Involvement of Innate Immunity in the Pathogenesis of Chronic Hepatitis C in Children

Abstract The aim of the study was to assess the role of selected elements of innate immunity in the pathogenesis of chronic hepatitis C in children. The study comprised 20 children with chronic hepatitis C (group 1), nine healthy hepatitis C virus (HCV) seropositive children (group 2) and 18 healthy children (control group). We evaluated the expression of Toll‐like receptor (TLR)2 and TLR4 on peripheral blood neutrophils, and generation of interleukin (IL)‐8, IL‐10, IL‐12 and reactive oxygen species (ROS) by neutrophils. The performed tests demonstrated higher expression of TLR2 and TLR4 on stimulated neutrophils and of TLR4 on non‐stimulated neutrophils in group 1 in comparison to HCV seropositive children and controls. In group 1, the expression of TLR2 after granulocyte colony‐stimulating factor (GCSF) stimulation showed positive correlation with alanine aminotransferase and asparate aminotransferase activities, while the expression of TLR2 without stimulation and of TLR4 after GCSF stimulation also correlated with necrosis. IL‐12 generation by lipopolysachcharide‐stimulated neutrophils was higher in group 1 versus controls. In group 1, maximum chemiluminescence (CL) without pre‐activation, both spontaneous and after formyl‐methionyl‐leucyl‐phenylanine and phorbol‐myristate‐acetate (PMA) stimulation, was significantly lower than in the controls.
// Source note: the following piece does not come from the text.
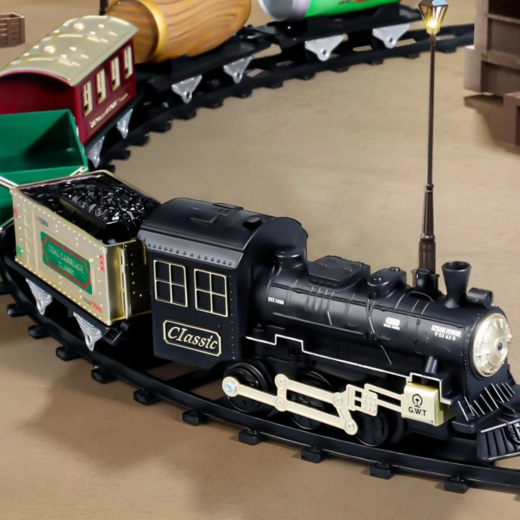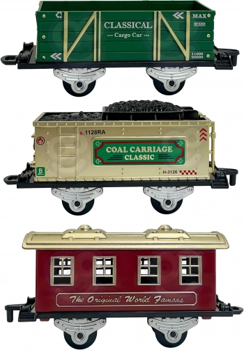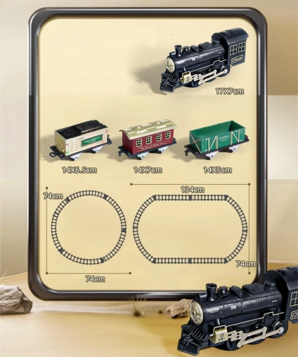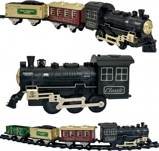 - locomotivă cu lumină și sunete, vagon de pasageri, tender de cărbune, vagon de marfă, 10 piese de șină (4 drepte, 6 curbe)

CL after tumour necrosis factor‐ α pre‐activation and PMA stimulation was still lower than in the controls, however, after opsonized zymosane stimulation it was significantly higher than in the controls. Our studies suggest the involvement of neutrophils in the pathogenesis of chronic hepatitis C in children. Neutrophils demonstrate increased expression of TLR2 and TLR4 (correlating with the features of hepatocytic damage and intensification of necrosis), inhibition of oxygen metabolism, and after TNF‐α pre‐activation higher ability to produce ROS.